What is BioNeMo?#

Generative AI and large language models (LLMs) are achieving incredible breakthroughs in chemistry and biology, such as enabling 3D protein structure prediction, property prediction, and even the generation of novel protein sequences and molecules. This progress has facilitated developments in the pharmaceutical industry, such as antibody design, small-molecule drug design, and newer approaches like RNA aptamer and peptide-based therapeutics. As each of these pieces comes into play, their respective models may need additional fine-tuning or optimization to thoroughly explore or understand the biomolecular space, leading to the need for centralized infrastructure for model development and deployment.

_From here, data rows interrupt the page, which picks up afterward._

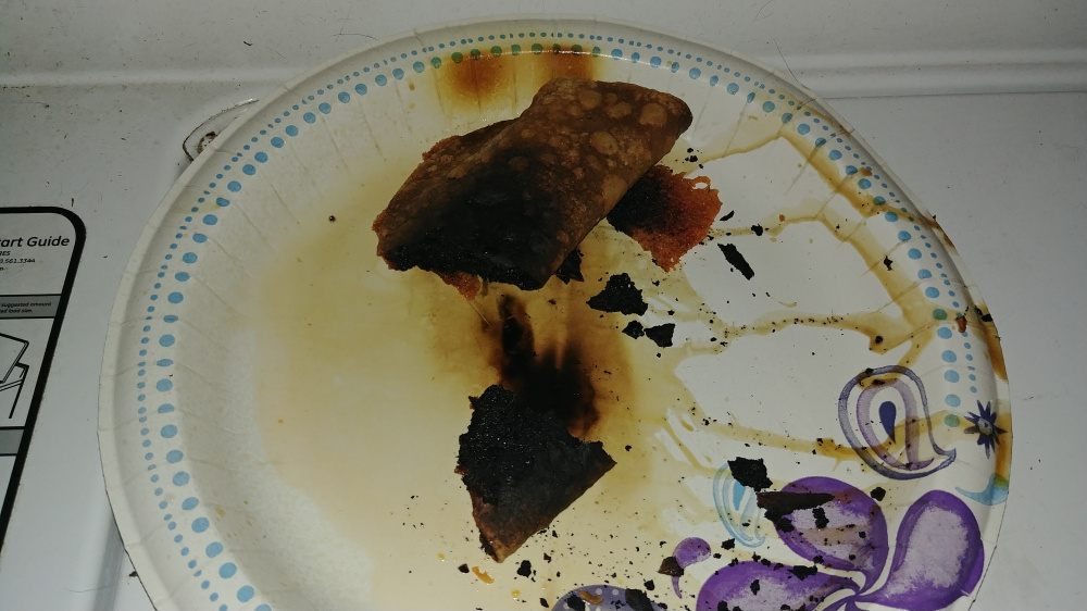 Said eggplant caught fire, so he grabbed it and threw it in the trash, which in turn started to smolder and smoke. So he grabbed that, and threw it out the backdoor.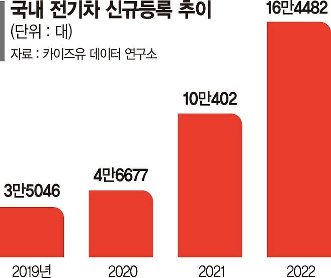 9일 관련 업계와 카이즈유 데이터 연구소 집계를 보면 작년 국산 및 수입 전기차의 연간 내수 판매량은 16만4482대를 기록했다. 2021년(10만402대)과 비교하면 64% 급증한 실적이다.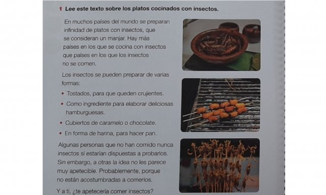 Según Vozpópuli, son contenidos del 'Concurso de cocina', dentro de Lengua y Literatura. "En muchos países del mundo se preparan infinidad de platos con insectos, que se consideran un manjar. Hay más países en los que se cocina con insectos que países en los que los insectos no se comen", arranca. Y añade: "los insectos se pueden preparar de varias formas: tostados, para que queden crujientes; como ingrediente para elaborar deliciosas hamburguesas; cubiertos de caramelo o chocolate o en forma de harina, para hacer pan". Por último, el texto explica que "algunas personas que no han comido nunca insectos sí estarían dispuestas a probarlos". "Sin embargo, a otras, la idea no les parece muy apetecible. Probablemente, porque no están acostumbradas a comerlos. Y a ti, ¿te apetecería comer insectos?", concluye para después proponer una serie de ejercicios.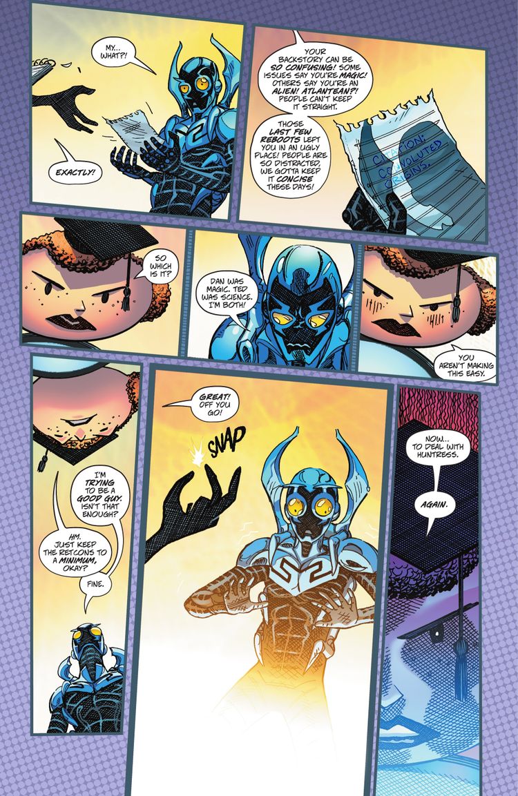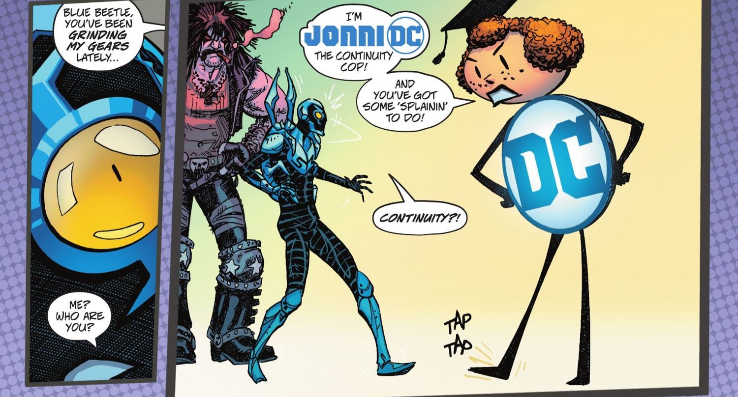 Desafortunadamente, el viaje de Blue Beetle es monitoreado por varios héroes desprevenidos como Heckler y G’nort. Finalmente, Lobo lleva a Jaime con su jefe y el de los demás, Jonni DC, Continuity Cop. Jonni DC cita a Blue Beetle por tener un origen confuso pero lo deja ir siempre que Jaime prometa mantener los retcons al mínimo.

BioNeMo Framework is a free to use collection of programming tools and packages offering access to optimized, pre-trained biomolecular models and workflows, along with versatile functionalities for building and customizing models, including training and fine-tuning. Capabilities span various workloads and therapeutic modalities, such as molecular generation and representation learning, protein structure prediction and representation learning, protein-ligand and protein-protein docking, and DNA/RNA/single-cell embedding.

BioNeMo NIMs are easy-to-use enterprise-ready inference microservices with built-in API endpoints. NIMs are engineered for scalable, self-hosted or cloud-hosted deployment of optimized, production-grade biomolecular foundation models on any cloud or data center. Check out the growing list of BioNeMo NIMs here.

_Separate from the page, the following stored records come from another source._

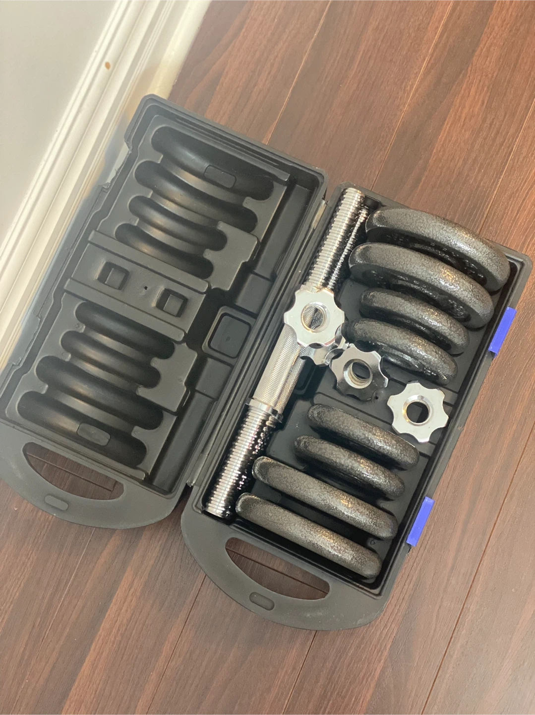 CAP Strength 40 lb adjustable dumbbell set with case. Includes 2 dumbbell bars, 4 collars, and 8 weight plates. Adjustable weights for custom workouts.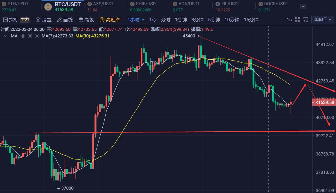 比特币跌破支撑41500一线支撑行情有进一步走弱的风险,趋势走弱那么我们就该考虑进一步开始去布局做空,高点低点目前在不断下移,小时线上面又初步下跌趋势线组成压力,短期内行情交易上面可以重点关注42500一线的反弹位置去做布局,这里不光是下行趋势线压制位,也是前期小时线反抽上去的起跌点,短期内反弹不过这一位置的话下行趋势就是完好的,行情还有进一步下挫的空间走出。操作上面的话,晚间利用行情向42500一线反弹的机会去分批布局空单,止损放43200附近,行情能到43000关口的再补仓一次,目标先看41000附近,第二目标则看40000关口。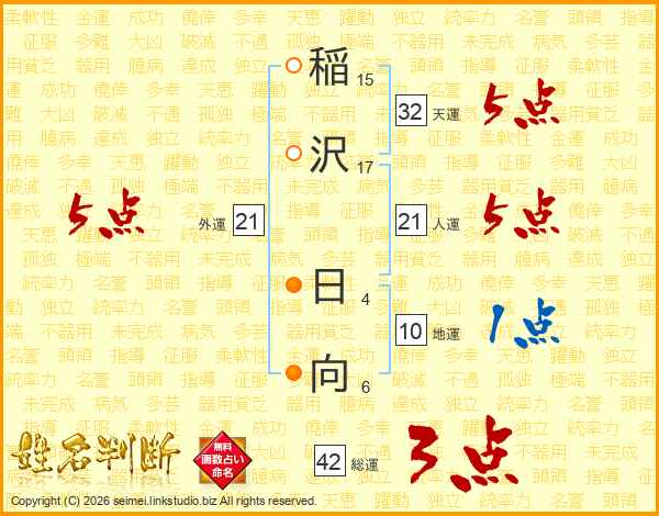 稲沢日向さんの天運は32画の5点!

When selecting between the BioNeMo Framework and BioNeMo NIMs, the specific requirements of your project should guide your decision. The BioNeMo Framework is suitable for scenarios that necessitate model training, fine-tuning, or customization, as it provides a comprehensive suite of tools and packages for building and tailoring models. However, this framework requires a more complex setup procedure and familiarity with the code base. In contrast, BioNeMo NIMs are optimized for inference-only workflows, offering easy-to-use, enterprise-ready inference microservices with built-in API endpoints that are quick to deploy and utilize. Additionally, NIMs may be optimized for specific hardware, potentially resulting in accelerated inference times and increased throughput. As a general guideline, the BioNeMo Framework is recommended for use cases that necessitate custom model development or require a high degree of control over the modeling process. Conversely, BioNeMo NIMs are the preferred choice when only inference against an existing model is required.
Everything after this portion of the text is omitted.